ItalianPrincess1217's avatar

@JLeslie Right, and I agree with you. I think it’s a good starting point but like you said, if the buyer comes back with a lesser offer for deposit, that’s okay too.

@2davuidc8 I don’t think the buyer ever tried to bypass the realtor. I’m not sure I mentioned my realtor in my original post but I assumed that since I included the MLS number in it, anyone looking at the information would just type that in on a realty site and see that I had a realtor and contact her directly. The buyer probably didn’t do that. He only looked at my post and photos and assumed I personally was selling it. Once I said contact my realtor from here on out he was absolutely fine with it and sent an offer shortly afterwards directly to her.

janbb's avatar

There isn’t usually negotiation on the deposit and if the buyer has cash on hand that shouldn’t be a sticking point.

JLeslie's avatar

@janbb It probably won’t be a sticking point, I’m just saying it’s not worth making it a sticking point. The only time I’ve ever put 10% was when I was doing a house with a builder. If it’s a very low priced home, then I could see 10%, but I would just use a money number instead and not even think in terms of a percentage in that case. Like a $125k house I’d probably just look for $5k as a deposit. When someone buys a $500k house in the states I’ve lived in I don’t usually see a $50k deposit. Not on the initial deposit anyway, if there is going to be two. Often there is only one, I’m not saying two escrow amounts is more common, it’s done both ways.

MollyMcGuire's avatar

@ canidmajor Can you read? I said she might end up in a verbal contract or assume liability….....not for buying the real estate. Scammers are manipulative. Life is great. And people like to talk more than they listen, or in this case, read. Details are important.

MollyMcGuire's avatar

@JLeslie I think you should try again

canidmajor's avatar

Oh, gee, my bad, @MollyMcGuire. To which potential verbal contract did you refer in that real East age specific post?
(Can you hear my eyes rolling?)

JLeslie's avatar

@MollyMcGuire What liability? I don’t understand what you mean by liability.

Dutchess_III's avatar

If she broke a contract somehow, she would be liable.

JLeslie's avatar

Oh.

Well, since there is no verbal contract in real estate that’s not an issue. Unless NY is different than most states. Doubtful, but not impossible.

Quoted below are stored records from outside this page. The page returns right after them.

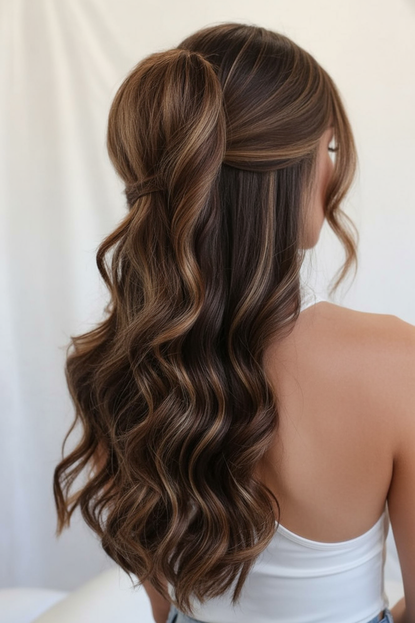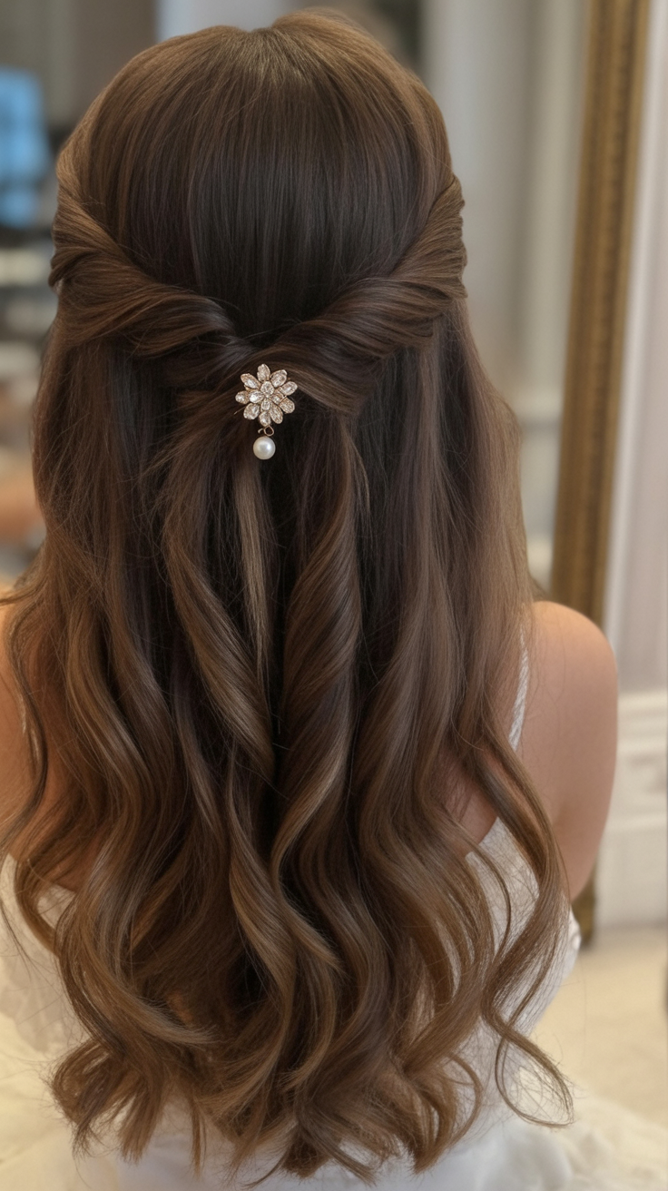 The half-up hairstyle introduces the ideal balance of elegance and comfort. It gives you the I-just-left-a-blow dry look with its clean twist and weighty curls; though you did not even step into the salon. There is no make-up and yet it is chic without making much effort about it and that is the beauty.
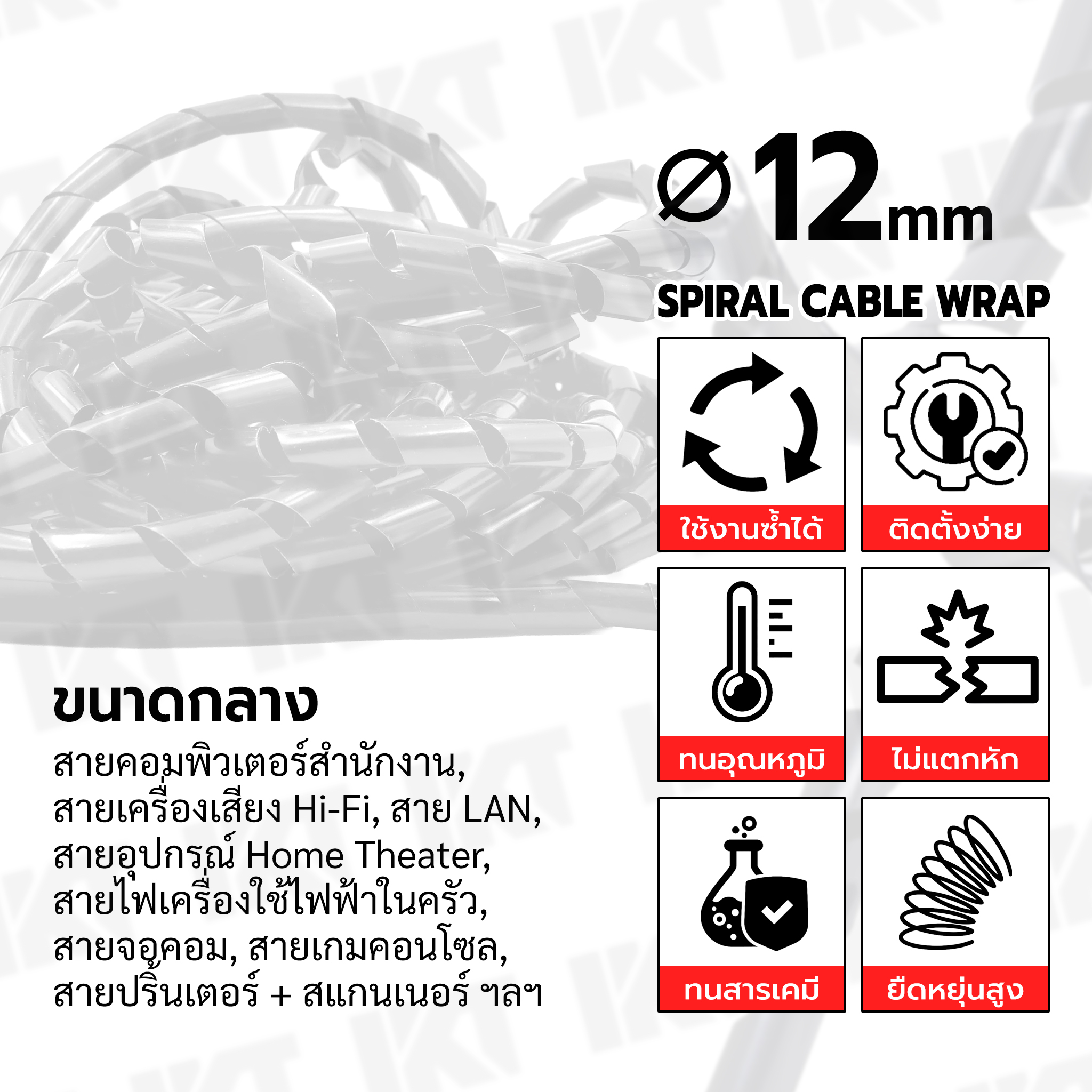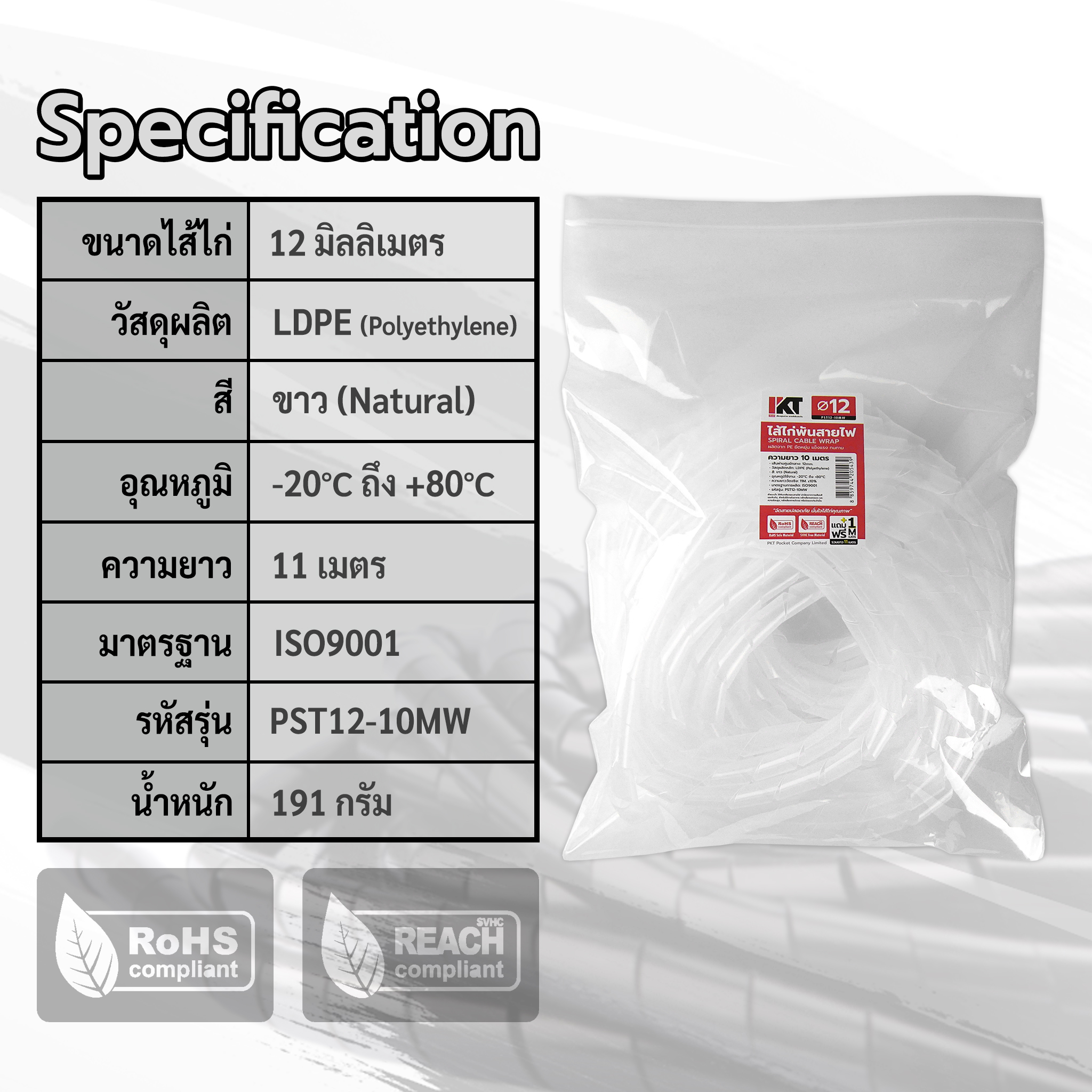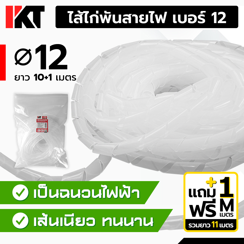 ไส้ไก่พันสายไฟ PKT ขนาด 12 มิลลิเมตร (เบอร์ 12) สีขาว ความยาว 10 เมตร แถมฟรี! อีก 1 เมตร ใช้สำหรับจัดเก็บ รวบรวมสายไฟ สายสัญญาณ หรือสายคอนโทรลหลายเส้นให้เป็นระเบียบในหนึ่งเดียว ผลิตจากพลาสติก LDPE คุณภาพสูง ใช้งานง่าย มีความยืดหยุ่น น้ำหนักเบา และทนต่อการเสียดสี ไส้ไก่เก็บสายไฟ แบบอ่อน ขนาด 12 mm. สีขาว เหมาะสำหรับ สายคอมพิวเตอร์สำนักงาน, สายเครื่องเสียง Hi-Fi, สาย LAN หลายเส้น, สายอุปกรณ์ Home Theater, สายไฟเครื่องใช้ไฟฟ้าในครัว, สายจอคอมหลายจอ, สายเกมคอนโซล, สายปริ้นเตอร์ + สแกนเนอร์, สาย DVR/NVR, สายควบคุมอุตสาหกรรม
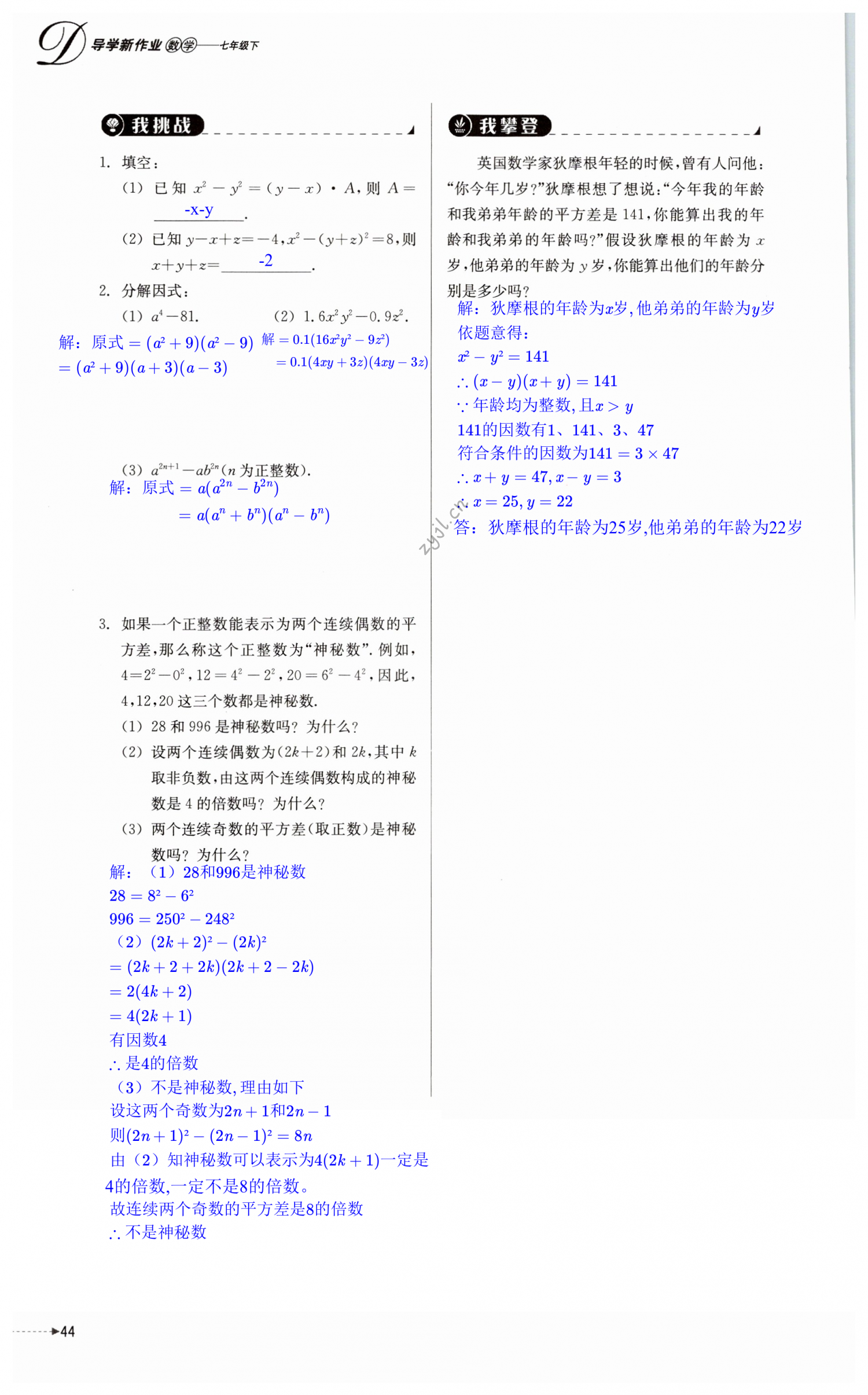 注:目前有些书本章节名称可能整理的还不是很完善,但都是按照顺序排列的,请同学们按照顺序仔细查找。练习册 2022年导学新作业七年级数学下册浙教版 答案主要是用来给同学们做完题方便对答案用的,请勿直接抄袭。
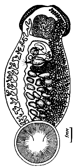 Задняя присоска (диаметр 2,06 мм) имеет правильную сферическую форму и вооружена тремя парами крючьев, одна пара длинных крючьев лежит в центре диска, а две пары остальных крючьев прикреплены к заднему краю диска по одной паре на некотором расстоянии друг от друга. Несколько отступя от переднего края тела, медианно располагается ротовое отверстие, ведущее в сферический фаринкс (диаметр 0,8 мм), который переходит в два ствола кишечника (длина 5,7 мм), соединяющихся перед задней присоской. Иногда брюшная присоска может прикрывать конечные стволы кишечника.
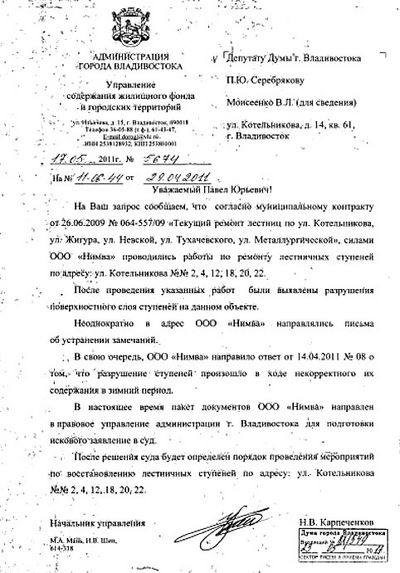 Разрушенная лестница по ул. Котельникова, 2, 4, 6, 8 будет восстановлена, похоже, только по решению суда Управление содержания жилищного фонда и городских территорий администрации Владивостока подготовило ответ на запрос депутата Думы Владивостока Павла Серебрякова относительно ремонта преждевременно разрушившихся лестничных маршей вдоль домов по улице Котельникова,2, 4, 6, 8. Как говорится в документе, решение данной проблемы возможно только по решению суда.
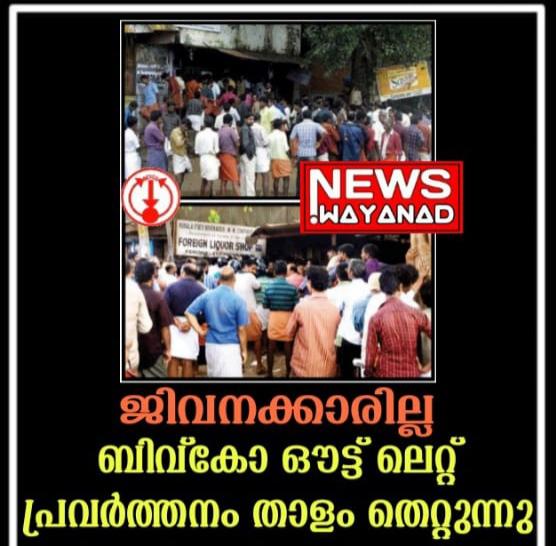 കൽപ്പറ്റ : മതിയായ ജീവനക്കാരില്ലാത്തതിനാൽ ജില്ലയിലെ ബീവ് കോ ഔട്ട് ലെറ്റുകളുടെ പ്രവർത്തനം താളം തെറ്റുന്നു.
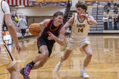 - Davis High’s JT Turley (11) drives against Weber’s Derik Bowden (2) in a Region 1 boys basketball game Friday, Jan. 9, 2026, in Kaysville.
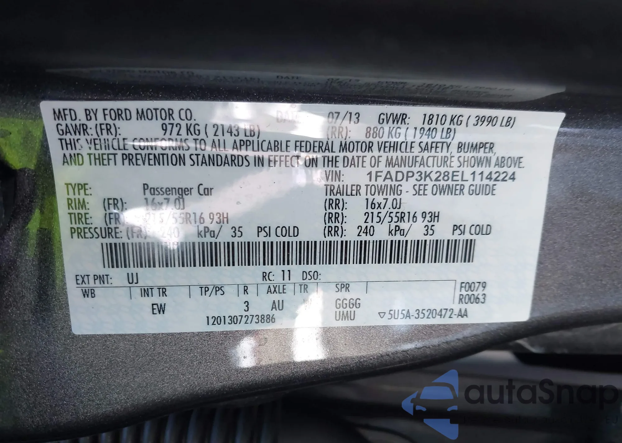 VIN: 1FADP3K28EL114224
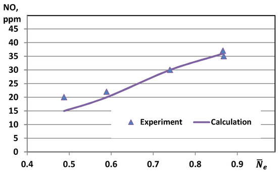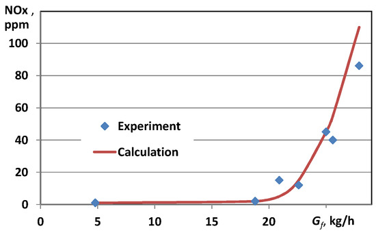 To verify the mathematical model proposed in Section 2.1, we calculated the emission of NO in the combustor with the premixing of components shown in Figure 2, working on natural gas. The results of the estimations were compared with the data of physical experiments obtained at the experimental combustion chamber [91]. The comparison for different working regimes, which differ in the consumption of gaseous fuel (natural gas) through the nozzle , are shown in Figure 4. Good agreement with the data is seen. The correlation coefficient between the results of experiments and numerical calculations is 0.985. A match was also made between the numerical and experimental data on the combustion product’s temperature at twenty-five controlled measuring points for seven working regimes, which showed that the maximum discrepancy in finding the average temperature did not exceed 3%.

ItalianPrincess1217's avatar

Correct @JLeslie, there is no such thing as a verbal contract in real estate in NY.

@MollyMcGuire There was only ever communication between the buyer and I through an app messenging system. This is an app where you can use your real name or make up any name/username you want. So there is no chance I could have entered into a contract with a person who didn’t even know my real name. All I ever did was discuss a property and give my realtor’s name, number, and contact information. I could have technically been anyone. The buyer really had no way of proving who I was. This is another reason I was concerned it was a scam. This buyer could have also been pretending to be anyone. Luckily they were legitimate, at least it seems.

Patty_Melt's avatar

I still think you should check the history of the house.
Maybe someone lived there as a child who is now famous, and wants to buy it out of emotional ties?

ItalianPrincess1217's avatar

@Patty_Melt No, it was in my husband’s family before we bought it. It turns out the buyer is actually with a group who buys houses and flips them. I thought this was odd because the house was already renovated but hey, if they want to buy it and renovate it again, that’s fine by me!